NAND memory integrated circuit chips are well known in the art. In a NAND memory chip, the memory is characterized by a number of blocks of storage, with each block containing a number of pages. A block is the minimum erasable unit. Thus, if a page in a block of NAND storage has already been written or programmed, it cannot be re-programmed or re-written again until the entire block with which the page is associated is erased. Therefore, in a block based flash file system (FFS), when replacing or overwriting a portion (such as a page) of a prewritten block, the overwrite data and the unchanged data portion of the block must be merged into a new erased block. Thus, as shown in FIG. 1, if pages 2 and 3 of the Original Block are to be over written, the new data for those pages are first saved in a Temporary Block, and then are merged with other pages of the Original Block into a Merged Block. Therefore, pages 0 and 1 are copied from the Original Block, pages 2 and 3 are copied from the Temporary Block, and the rest of the pages, from page 4 to end of the Original Block, are copied from the Original Block to the Merged Block.
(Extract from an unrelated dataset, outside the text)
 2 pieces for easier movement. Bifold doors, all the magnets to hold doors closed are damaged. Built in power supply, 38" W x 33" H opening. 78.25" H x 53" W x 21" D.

The Original and Temporary Blocks can then be erased for future use.
The merge operation can be very long when a block of NAND has 128 or 256 pages and moving each page may take multiple milliseconds. In addition, as the size of the blocks and programming time are increased, the merge time will increase.
Furthermore, in a NAND memory integrated chip, there are a large number of blocks, with only a few blocks allocated as Temporary Blocks. Referring to FIG. 2, there is shown a schematic level diagram of a NAND chip with one thousand (1,000) blocks of which nine hundred ninety two (992) blocks are allocated to storing data designated Data Blocks, while eight (8) blocks are allocated to Temporary Blocks. A typical write operation may be as follows. Let us assume that pages of data are to be written into Data Block 0, in locations where there is already pre-written data. Therefore, instead of performing the aforementioned merge operation, the new page(s) of data are first written into a Temporary Block, e.g. block 992, with block 992 assigned as being associated with Data Block 0.
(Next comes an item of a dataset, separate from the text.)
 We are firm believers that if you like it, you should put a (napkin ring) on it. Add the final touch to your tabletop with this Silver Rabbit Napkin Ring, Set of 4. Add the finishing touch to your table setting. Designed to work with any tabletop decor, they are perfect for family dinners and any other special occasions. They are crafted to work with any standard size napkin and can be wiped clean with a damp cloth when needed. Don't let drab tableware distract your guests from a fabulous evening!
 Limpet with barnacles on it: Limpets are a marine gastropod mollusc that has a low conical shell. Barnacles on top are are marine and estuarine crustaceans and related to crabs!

If a page of new data is received by the NAND chip and it is destined for a page that is erased, anywhere in the Data Blocks 0-991, then the page of new data is written into that location. However, if the page of new data is destined for Data Block 0 where it is to write over another page of data, then it is stored in Temporary Block 992. Finally, if the page of new data is destined for a page, in a Data Block other than Data Block 0, e.g. Data Block 4, where it is to overwrite another page of data, then the page of new data is stored in Temporary Block 993, and Temporary. Block 993 is then associated with Data Block 4. Because the merge operation requires a long period of time, it is held off for as long as possible. This is done by storing the pages of new data in the Temporary Blocks. However, since in the prior art, very few Temporary Blocks are allocated (e.g. 8 blocks for every 1,000 blocks of data), because of the desire to use as many blocks for data as possible, the NAND memory chip will quickly run out of Temporary Blocks. For example, in the above example, if a ninth “write” operation is received for a page of new data which is to overwrite a ninth different Data Block, then a merge operation must first be performed to free up a temporary block. As NAND chips increase in storage capacity and the number of blocks increases, the likelihood of the NAND chip quickly requiring a merge operation to free up a temporary block increases.
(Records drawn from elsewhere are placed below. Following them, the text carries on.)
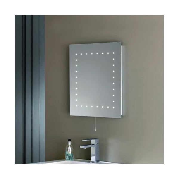 Modern slimline illuminated bathroom mirror with 32 ultra-bright LED lights. Features a bevelled edge and integrated chrome pull-switch to turn the lights on and off. IP44 rated – fully certified for safe bathroom installation.
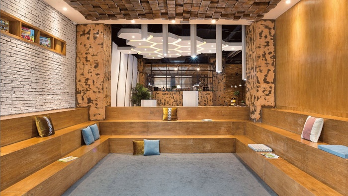 教育培訓閱讀區設計:在此處設計的時候,設計師的想法就是希望閱讀可以和玩耍結合在一起,設計師以四方格做為基本框架,以階梯狀打造閱讀區,中間自然凹陷是孩子玩耍的區域,勞逸結合正是此處的最佳說明。
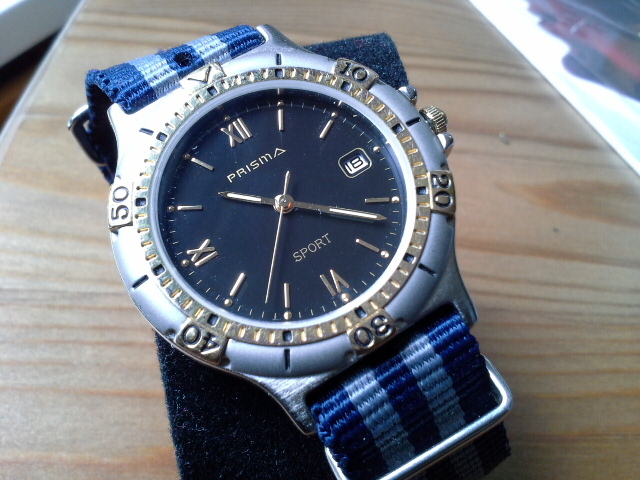 het ouderwetse leren bandje vervangen door een 2 kleurige Natoband

One prior art solution to the problem of more closely resembling a true random write operation with the NAND chip having few merge operations before the page(s) of new data can be written was to have as many temporary blocks as data blocks. With a 1:1 ratio of temporary block to data block, the requirement for merge operation dramatically decreases. This solution however, results in far fewer data blocks available for storage of user data. Hence a new solution is desired.